• [TASK PROMPT] Starting at the line that contains "Funny Civil Engineer Sayings" and ending at the line that contains "此次事件主要是攻击者 直接调用Orbit Chain: Bridge合约的withdraw函数将资产转移出去。", the lines below are to be given again exactly, with nothing added.

• [STUDY MATERIAL]

---*---

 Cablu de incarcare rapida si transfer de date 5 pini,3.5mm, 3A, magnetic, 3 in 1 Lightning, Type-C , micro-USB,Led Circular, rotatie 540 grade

---*---

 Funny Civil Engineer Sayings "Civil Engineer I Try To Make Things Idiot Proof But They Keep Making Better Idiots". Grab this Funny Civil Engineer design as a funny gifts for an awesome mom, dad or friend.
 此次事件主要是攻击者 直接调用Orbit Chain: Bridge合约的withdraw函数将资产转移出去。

---*---

• [RESULT]
 Funny Civil Engineer Sayings "Civil Engineer I Try To Make Things Idiot Proof But They Keep Making Better Idiots". Grab this Funny Civil Engineer design as a funny gifts for an awesome mom, dad or friend.
 此次事件主要是攻击者 直接调用Orbit Chain: Bridge合约的withdraw函数将资产转移出去。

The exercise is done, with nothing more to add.